Russia is known for some pretty absurd things, but lately the researchers of the Institute of Cytology and Genetics seem to take the cake. Outside of Novosibirsk (located in Southern Siberia), the researches have a line of sheds labeled with names such as “Maverick,” “Cola,” and so on. Passing through, you will be submerged in an atmosphere only to be described as an “explosion of fur and unbridled excitement.” An uproar of frenzied yelps are heard from the sheds. Open the door, and a mass of fur will bound up into your arms and smother you with canine kisses. Except it’s not a dog at all. It’s a fox.
That’s right.
You heard correctly.
If these crazy Serbs get their way, the fox will be man’s new best friend.
As of the 1950s, The Institute of Cytology and Genetics have strived to domesticate foxes for use of household pets. The rationalisation behind this experiment is that if wolves evolutionized into dogs, why could they not do the same with foxes?
Let’s rewind to ninth grade biology. Remember all that talk about phenotypes? That is the key to domestication. By examining personality based on genes, the researchers selectively breed foxes by encouraging one behavior: friendliness. After nine generations of kits, the outcome is remarkable.
“They remind me a lot of golden retrievers,” Anna Kukekova, a researcher from Cornell, said in an issue of National Geographic. “They aren’t aware that there are good people, bad people, people that they have met before, and those that they haven’t.”
The foxes yearn for human affection.
Something else noteworthy happened during the selectivity of foxes. As the personality changed, so did the fox’s appearance. This is called “domestication phenotype.” If you think about it, tamed animals across the chart all share these similarities: floppy ears, smaller bone structure, curly tales, even spotted fur or skin.

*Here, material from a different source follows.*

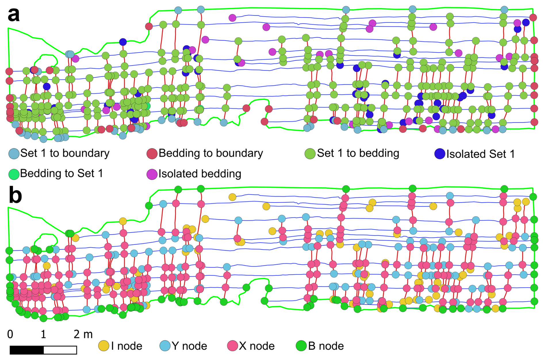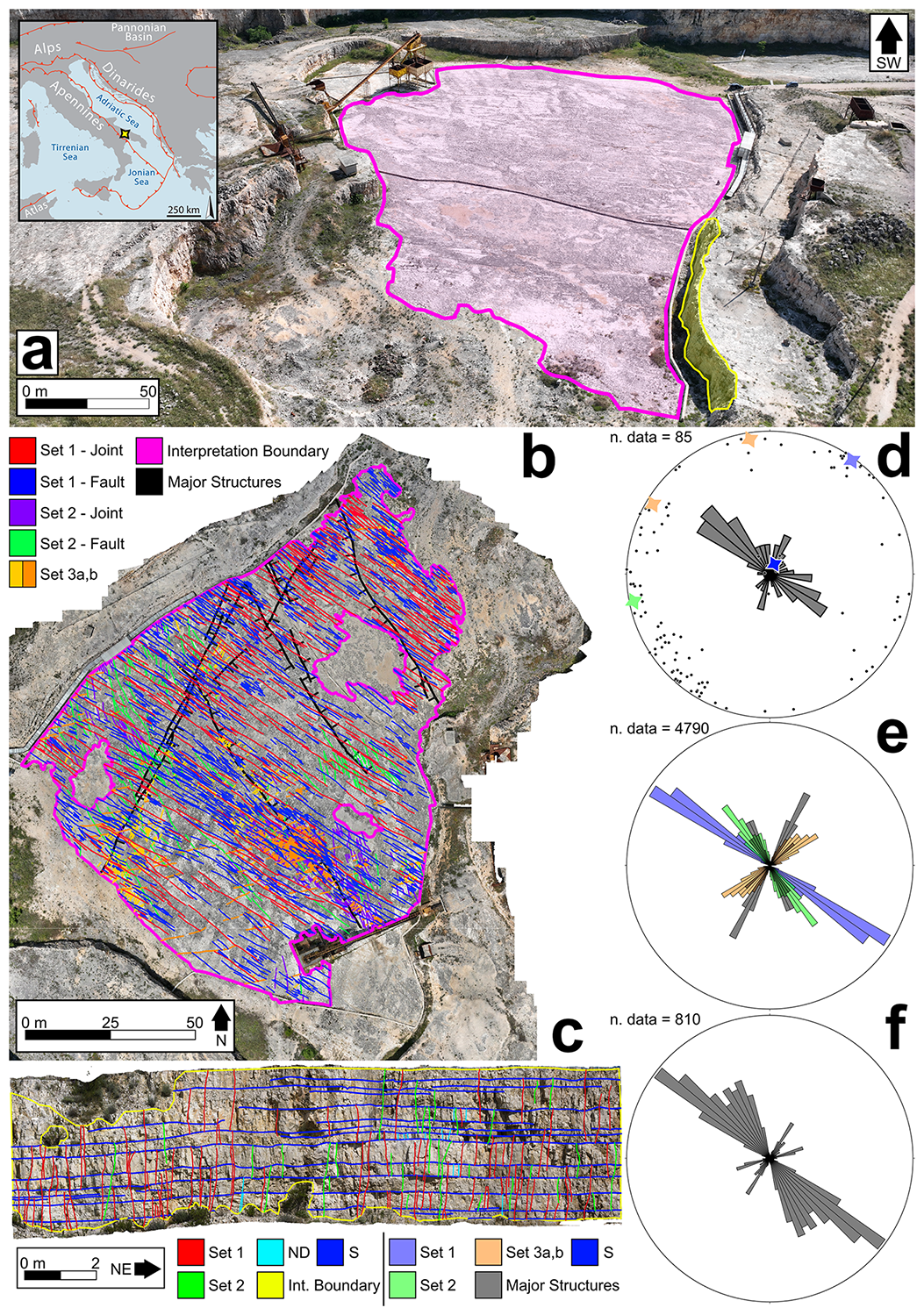 The pavement (Fig. 1a and b) presents some no data zones – where no data can be collected at all, due to debris patches or the presence of strong concentrations of non-natural features produced by quarrying activities. Other zones distributed across the pavement are partially affected by non-natural, quarrying-related fractures, but with a careful analysis it is still possible to detect Set 1, while Set 2 and especially Set 3, being composed of smaller fractures, are more difficult to interpret and separate from the ones related to quarrying. Regarding the quarry walls, here we present data on the NW wall (Fig. 2c), that is less disturbed by quarrying activities and favourably oriented with respect to Set 1 and 2, while Set 3 is sub-parallel to the wall. The wall is around 6 m tall, and according to the stratigraphic analysis proposed by Panza et al. (2016), includes a bed package developed above the quarry pavement, which is one major subaerial exposure surface, while other prominent subaerial exposure surfaces are not detected inside the wall.

That is exactly what happened to these foxes!
However, before you get lost in the idea of some fluffy fox wonder-farm, you must remember the foxes are simply research. The scientists must control the population of foxes, so the unwanted are sold off to fur farms, where they probably become your grandma’s new winter coat. The institute hopes to obtain permits to sell the foxes as pets as opposed to handbags.
Remember the name Maverick? Well Luda Mekertycheva, a translator for National Geographic, became so attached to Maverick during her visitation that she adopted him and another playmate. Later she gave an update reporting the foxes’ behavior.
“Maverick and Peter jump on my back when I kneel to give them food, sit when I pet them, and take vitamins from my hand,” Luda said. “I love them a lot.”